Cela part d’un bon sentiment mais on trouve chez tous les guides disséminés au long du parcours ce travers de nous annoncer des distances qui s’avèrent dans la réalité beaucoup plus longues. Par exemple, vers les derniers 2 kilomètres un bénévole nous encourage : « Allez plus que 500 mètres ! » Qu’ils étaient longs ces 500 mètres.

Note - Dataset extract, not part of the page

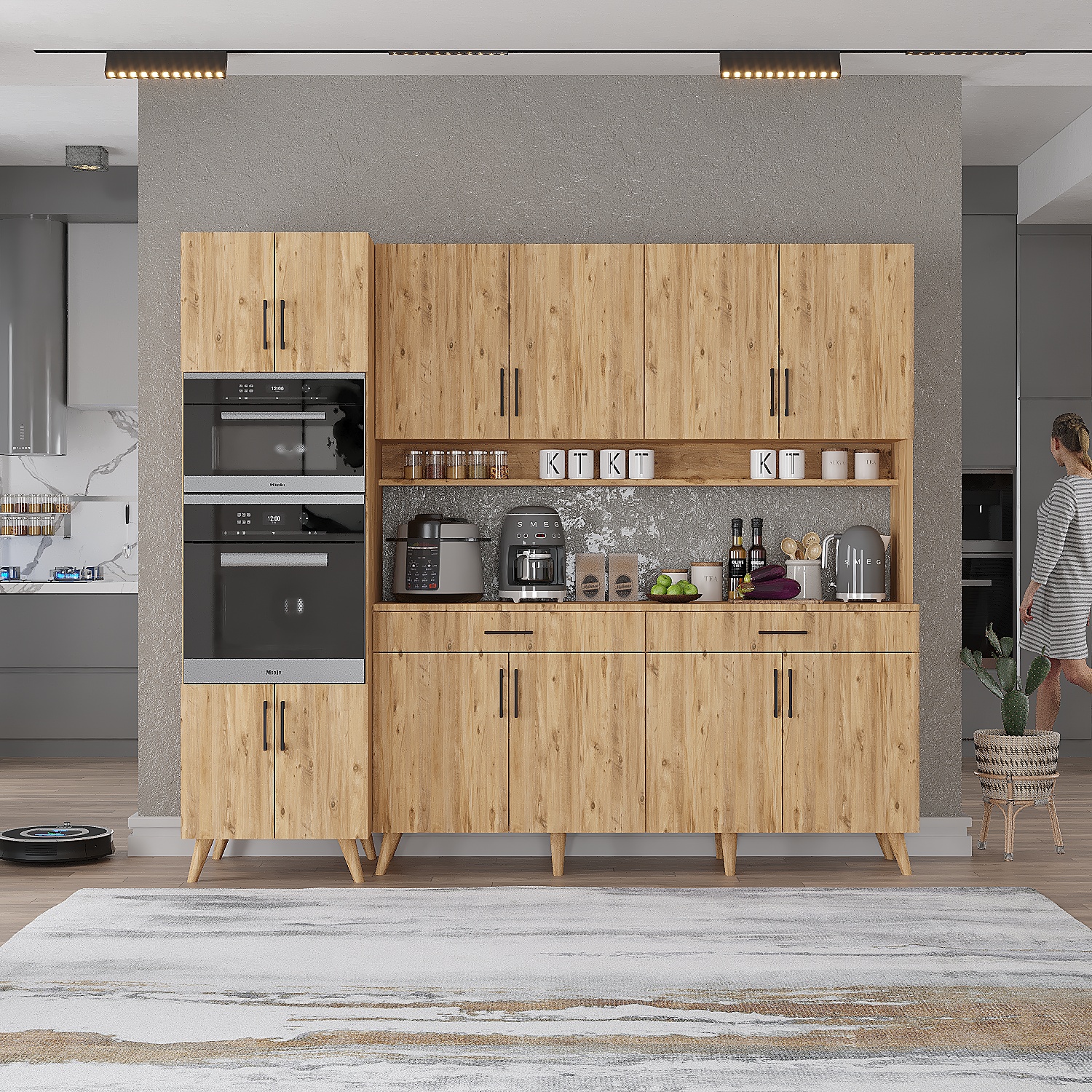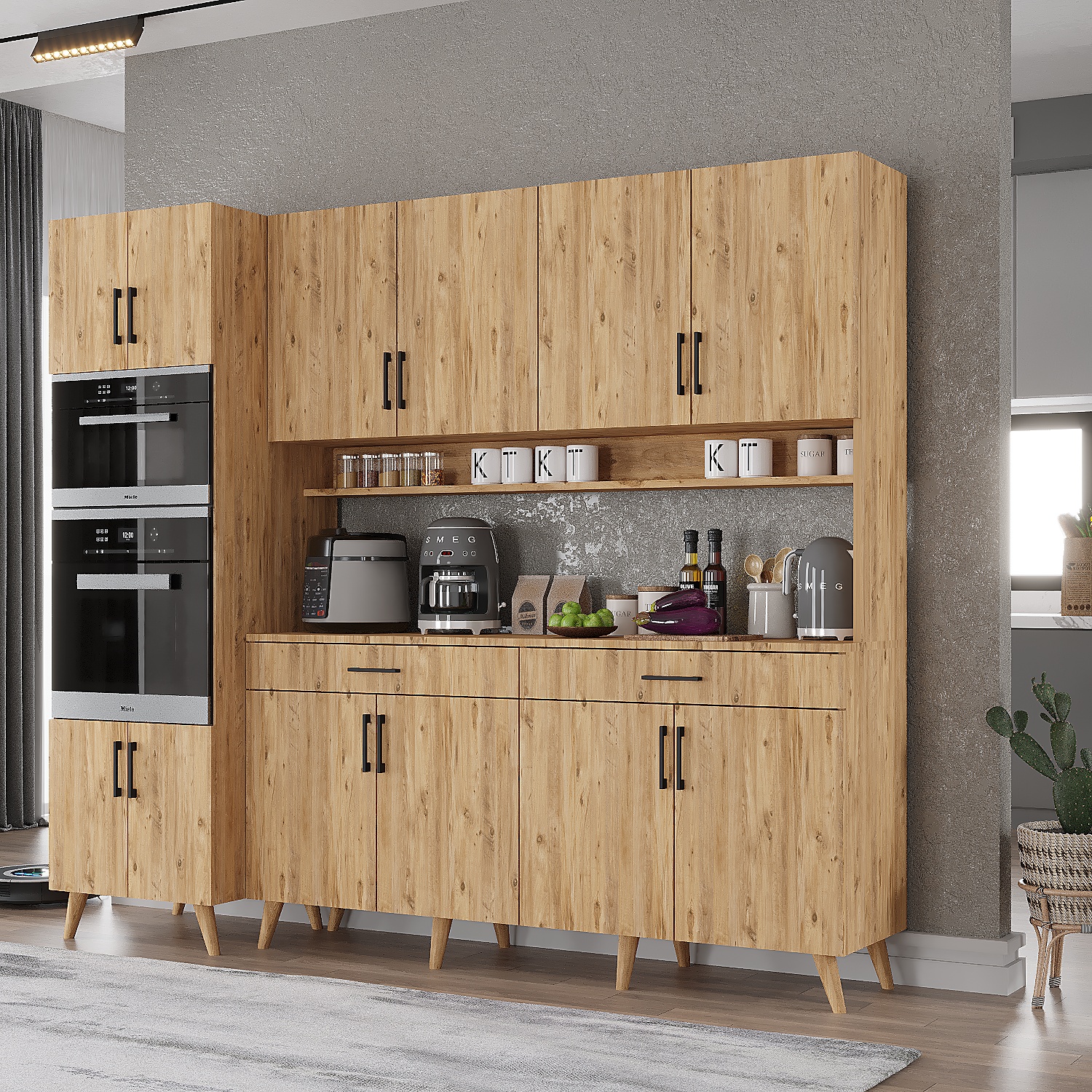 Süper Çok Amaçlı Mutfak Dolabı Kahve Köşesi Çam - M.A.S-3

A la sortie d’une sente forestière nous tombons sur un chemin plus large qui monte suivant une longue côte sur près de 1 kilomètre. Elle est longue, elle use cette partie finale. En haut nous sommes dirigés sur la gauche vers la dernière descente avant Lévignac. C’est une étroite bordure de champ délimitée par deux fils, sur la gauche un champ cultivé où l’on ne doit par courir et sur la droite un magnifique chemin où l’on pourrait facilement et sans dommage évoluer mais que visiblement le propriétaire ne veut pas prêter. Entre les deux 1 mètre de boue, collante, profonde, où l’on déchausse facilement. On pénètre ensuite dans une dernière monotrace forestière qui débouche sur un large chemin. On peut à nouveau courir librement. Un lampadaire au loin, une route goudronnée, une dernière traversée de village un peu tortueuse et le sas d’arrivée. Enregistrement des puces. C’est la joie. Je suis heureux. Je l’ai fait et pas le dernier. Une bonne odeur de saucisse grillée et une bière bienvenue. Mais avant nous avons appris la leçon. On marche rapidement vers la voiture sans pause pour se changer immédiatement. Ensuite nous remontons jusqu’à la salle des fêtes pour le casse-croûte tardif.
Un beau trail nocturne où toutes les difficultés sont réunies pour un maximum de plaisir. L’organisation est toujours au mieux et le tee-shirt cette année est sublime. Mon classement ? 413ème sur 445 coureurs dans les temps. Mais est-ce important?